▸ **Information shown**

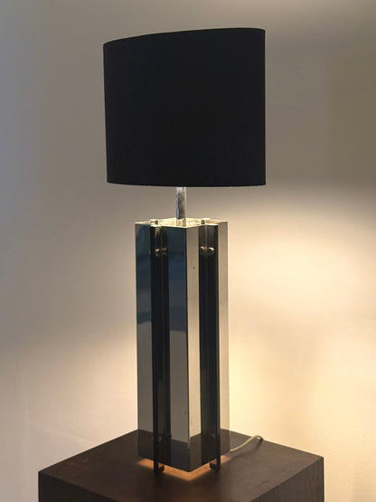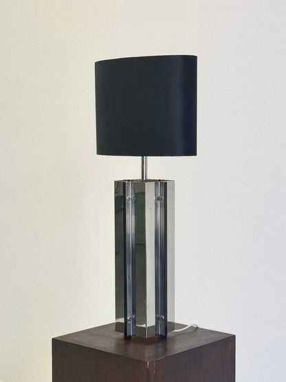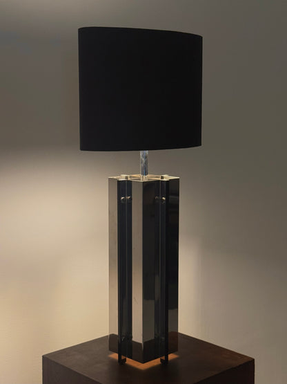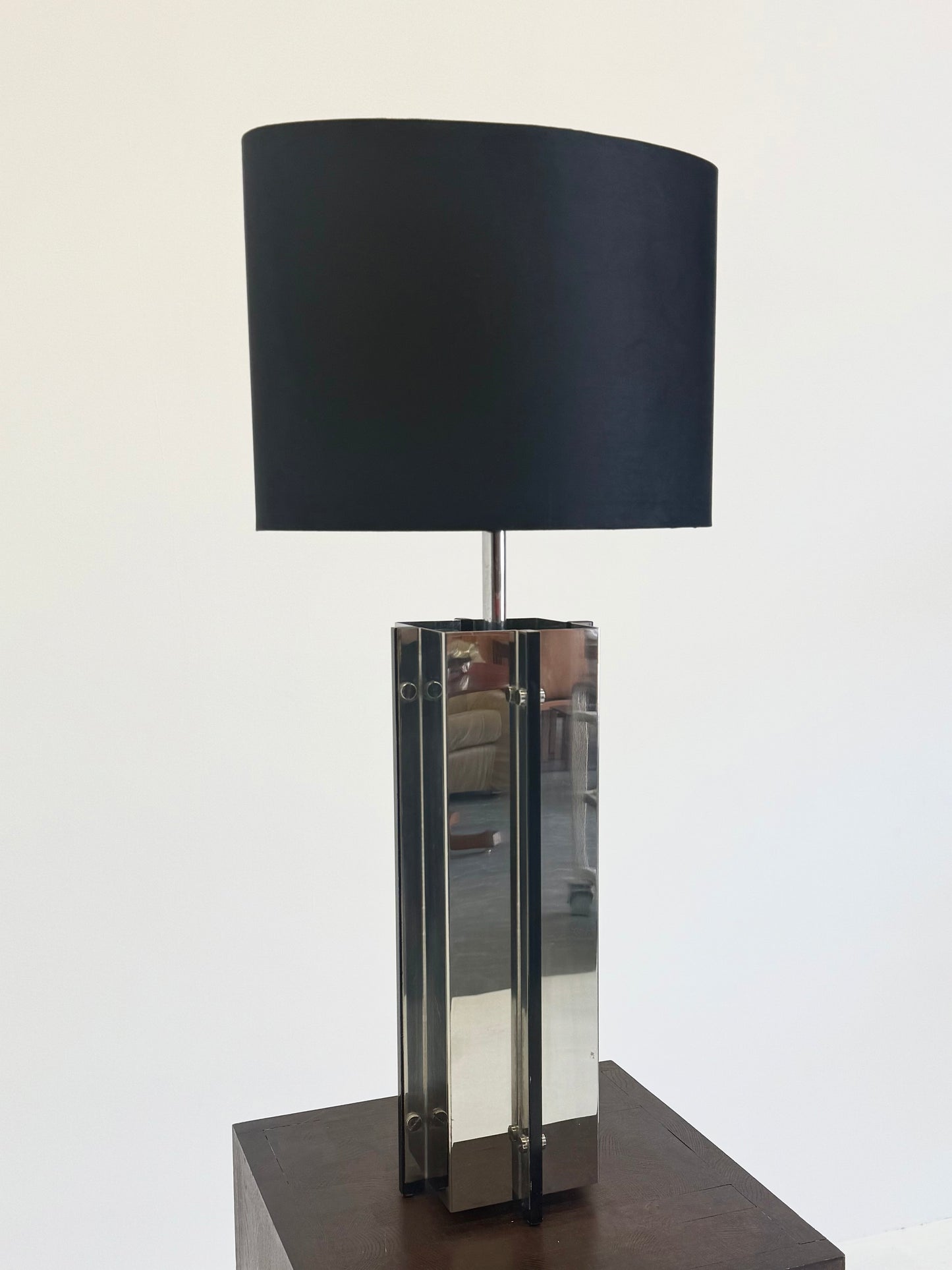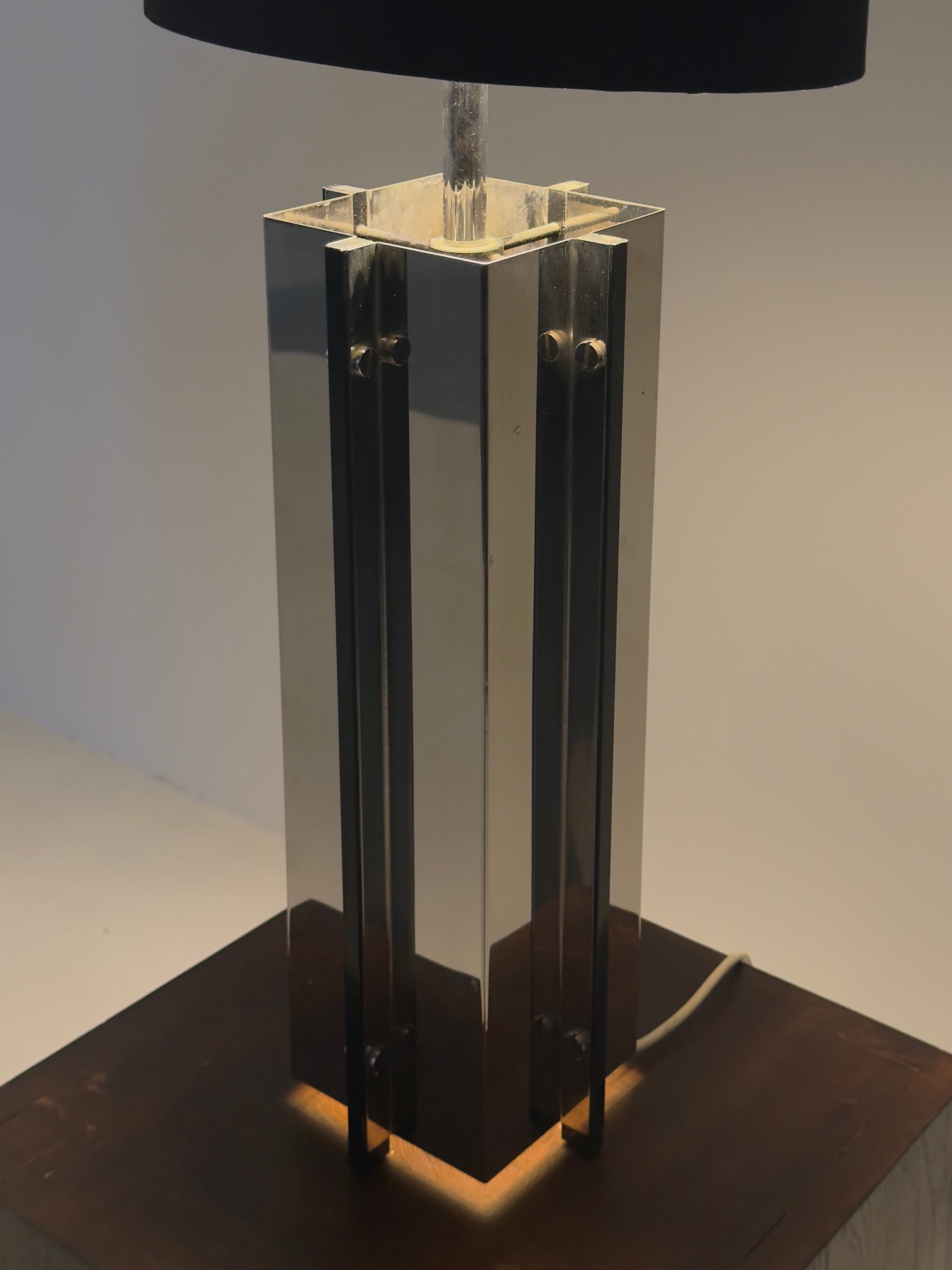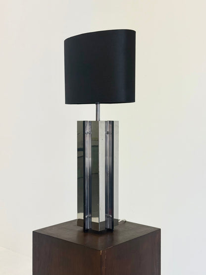 Deze tafellamp is ontworpen door Goffredo Reggiani en vervaardigd uit verchroomd staal, wat een strakke en glanzende uitstraling geeft. Het ontwerp kenmerkt zich door langwerpige en strakke lijnen die een minimalistische maar krachtige esthetiek uitstralen. De lamp heeft een verfijnde, eigentijdse uitstraling die perfect past binnen het Italiaanse design uit de jaren '70.
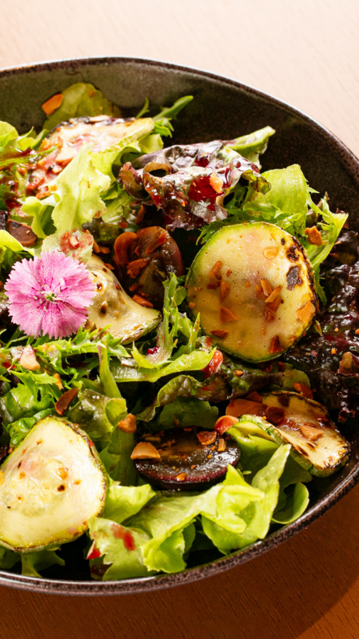 Entrada: Mix de folhas verdes com abobrinha italiana laminada, finalizado com uma elegante redução de uvas negras e amêndoas, trazendo leveza e frescor ao início da refeição.
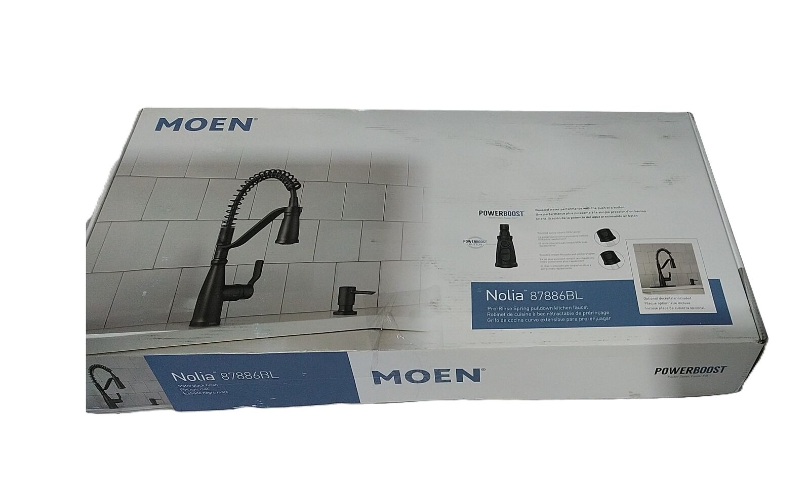 The Nolia Pre-Rinse Spring kitchen sink faucet offers a fresh take on industrial farmhouse design with the enhanced functionality of a spring faucet. The Nolia collection features a classic look that works well with a variety of traditional and transitional kitchen decor preferences. Now with a lower profile, this Spring Galley kitchen faucet provides the convenience of a traditional spring faucet while maintaining a compact design for smaller sink spaces. Available in MOEN Matte Black finish to add a dramatic and bold look to your kitchen.- Matte black finish is the perfect complement to modern spaces
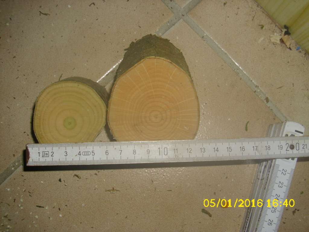 - Hasel : heute 1101g, keine weitere Holzentfernung, liegt noch im Kellerabgang (jetzt aber 30cm unter der Decke), mein Favorit.

▸ **Activity**
Give back the material above exactly as it appears, minus any picture.

▸ **Response to this exercise**
 Deze tafellamp is ontworpen door Goffredo Reggiani en vervaardigd uit verchroomd staal, wat een strakke en glanzende uitstraling geeft. Het ontwerp kenmerkt zich door langwerpige en strakke lijnen die een minimalistische maar krachtige esthetiek uitstralen. De lamp heeft een verfijnde, eigentijdse uitstraling die perfect past binnen het Italiaanse design uit de jaren '70.
 Entrada: Mix de folhas verdes com abobrinha italiana laminada, finalizado com uma elegante redução de uvas negras e amêndoas, trazendo leveza e frescor ao início da refeição.
 The Nolia Pre-Rinse Spring kitchen sink faucet offers a fresh take on industrial farmhouse design with the enhanced functionality of a spring faucet. The Nolia collection features a classic look that works well with a variety of traditional and transitional kitchen decor preferences. Now with a lower profile, this Spring Galley kitchen faucet provides the convenience of a traditional spring faucet while maintaining a compact design for smaller sink spaces. Available in MOEN Matte Black finish to add a dramatic and bold look to your kitchen.- Matte black finish is the perfect complement to modern spaces
 - Hasel : heute 1101g, keine weitere Holzentfernung, liegt noch im Kellerabgang (jetzt aber 30cm unter der Decke), mein Favorit.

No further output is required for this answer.